§ Problem description
Could you print the listing again exactly, omitting the pictures?

§ Input data
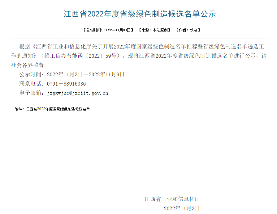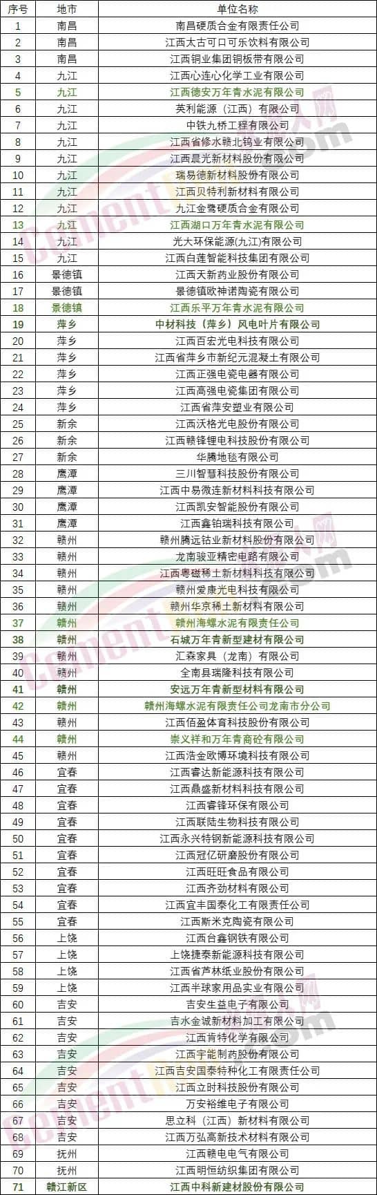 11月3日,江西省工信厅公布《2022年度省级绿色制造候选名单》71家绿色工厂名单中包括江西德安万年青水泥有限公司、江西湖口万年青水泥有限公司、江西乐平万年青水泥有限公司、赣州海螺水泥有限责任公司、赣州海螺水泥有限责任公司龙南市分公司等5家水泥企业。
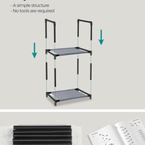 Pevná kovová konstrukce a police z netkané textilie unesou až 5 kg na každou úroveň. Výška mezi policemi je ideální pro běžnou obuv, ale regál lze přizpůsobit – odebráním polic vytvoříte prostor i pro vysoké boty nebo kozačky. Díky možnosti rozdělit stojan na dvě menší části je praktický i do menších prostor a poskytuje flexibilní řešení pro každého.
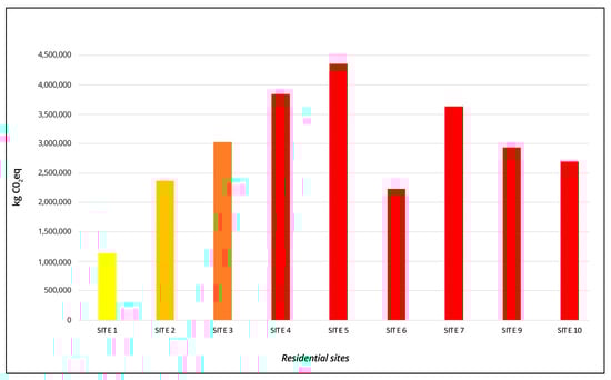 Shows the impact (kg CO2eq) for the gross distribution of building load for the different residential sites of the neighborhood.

§ The answer
 11月3日,江西省工信厅公布《2022年度省级绿色制造候选名单》71家绿色工厂名单中包括江西德安万年青水泥有限公司、江西湖口万年青水泥有限公司、江西乐平万年青水泥有限公司、赣州海螺水泥有限责任公司、赣州海螺水泥有限责任公司龙南市分公司等5家水泥企业。
 Pevná kovová konstrukce a police z netkané textilie unesou až 5 kg na každou úroveň. Výška mezi policemi je ideální pro běžnou obuv, ale regál lze přizpůsobit – odebráním polic vytvoříte prostor i pro vysoké boty nebo kozačky. Díky možnosti rozdělit stojan na dvě menší části je praktický i do menších prostor a poskytuje flexibilní řešení pro každého.
 Shows the impact (kg CO2eq) for the gross distribution of building load for the different residential sites of the neighborhood.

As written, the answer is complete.